With the exception of the scabs on her back, the rest sound like Zoey's allergy symptoms.


----------



## gagsd (Apr 24, 2003)

Sometimes all it takes is one single flea.... and you may never see it.


----------



## mandiah89 (Jan 18, 2013)

gagsd said:


> Sometimes all it takes is one single flea.... and you may never see it.


When I picked her up from boarding 2 weeks ago I gave her a flea bath and put her revolution on her like I do every month, and I did not notice any fleas coming off her while in the bath. Also I am living with my mother who has a dog who does not have fleas or any of these symptoms, so I do not believe it is fleas (or flea) that would be causing this issues as she has never had fleas, and this issue has been on going.


----------



## mandiah89 (Jan 18, 2013)

Nigel said:


> With the exception of the scabs on her back, the rest sound like Zoey's allergy symptoms.

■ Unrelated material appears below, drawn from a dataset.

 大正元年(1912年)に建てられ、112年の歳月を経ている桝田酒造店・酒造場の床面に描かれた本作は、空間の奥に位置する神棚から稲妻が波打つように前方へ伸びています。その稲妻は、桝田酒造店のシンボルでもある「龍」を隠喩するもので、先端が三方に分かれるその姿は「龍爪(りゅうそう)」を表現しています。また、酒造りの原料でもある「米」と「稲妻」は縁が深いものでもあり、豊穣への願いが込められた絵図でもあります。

I am also thinking it is allergies but I have her on a hypoallergenic food... Go! Sensitivity and have had her on three of the formulas the Salmon, the Duck, and the Turkey + Trout. And her skin has not cleared up. But I know that does not mean she doesn't have food allergies. 

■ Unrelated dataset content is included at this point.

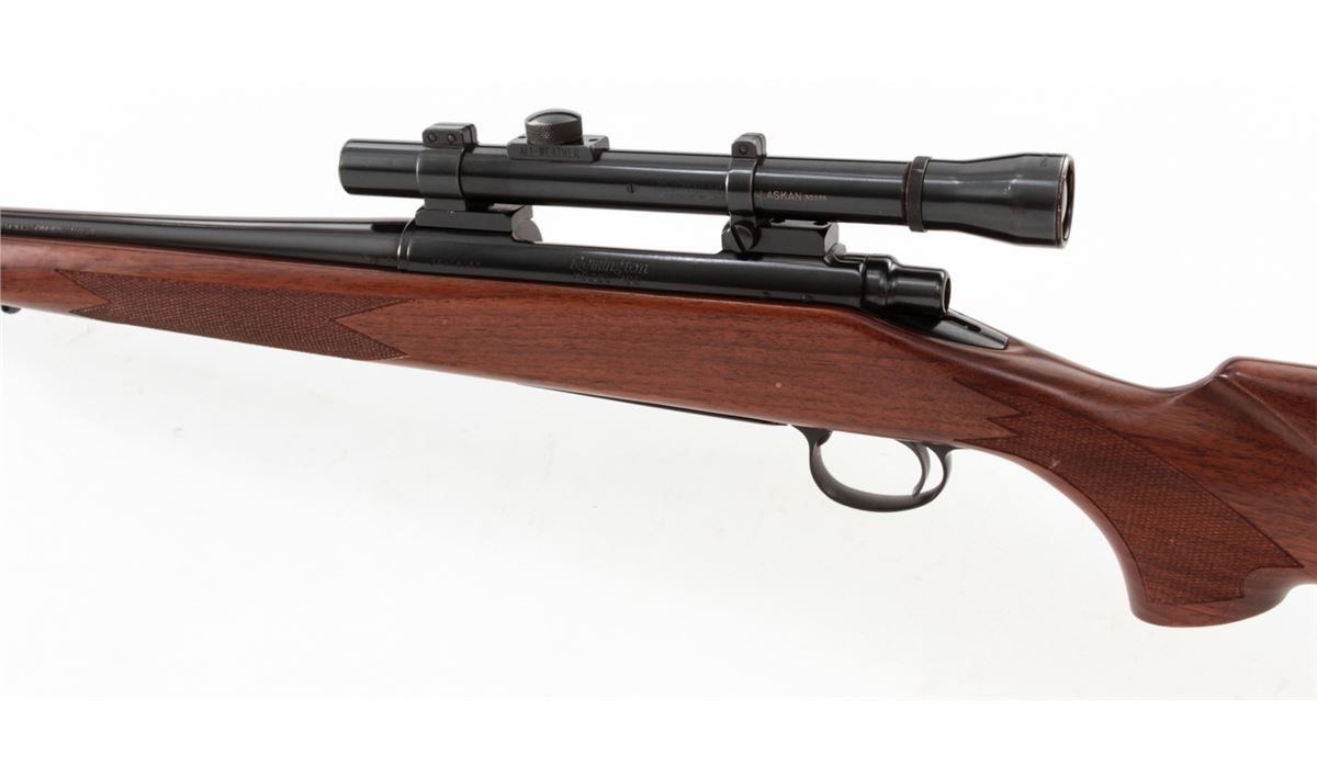 Remington Model 700 BDL Bolt Action Rifle, #B6308148, 7x57 cal., 22'' barrel, blue finish, factory checkered walnut stock. Topped with Lyman Alaskan All-Weather 2.5-power scope on Redfield rings and mounts. Condition is excellent retaining approx. 98% blue. Stock with light marks from handling. Crisp action, bright bore, scope optics are fine. Est.: $500-$750. (Modern)

I was thinking of putting her on a raw diet to see if that helps but I live in a small town and where I live meat is VERY expensive and when I say very expensive here is a little insight... for a 4 pack of boneless skinless chicken breast if it is not on sale you will be paying $15+ a pack! I am going to go to the butchers today and see how much they would charge to do up a raw diet for my dog as I know they do it for other people but I know its fairly expensive and I really have no idea how to build a raw meal plan or what exactly is involved how much of what is needed ect.


----------



## MadLab (Jan 7, 2013)

Sounds like hot spots.

Scrub areas with a dry towel to remove any puss and scabs and apply some anti bacterial.

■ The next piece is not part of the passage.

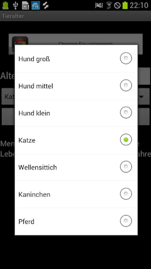 With the animal age app, you can easily convert the age of your pet (z. B. dog) in the human age.

Grooming might help and wash regularly. When the dog gets wet make sure to dry properly to avoid dampness.


----------



## GatorBytes (Jul 16, 2012)

mandiah89 said:


> When I picked her up from boarding 2 weeks ago *I gave her a flea bath and put her revolution on her like I do every month*, and I did not notice any fleas coming off her while in the bath. Also I am living with my mother who has a dog who does not have fleas or any of these symptoms, so I do not believe it is fleas (or flea) that would be causing this issues as she has never had fleas, and this issue has been on going.


Sounds like she has overkill symptoms - too many toxins

Why does everyone on spot-on treatments and deadly toxic flea bath treatments go to food first?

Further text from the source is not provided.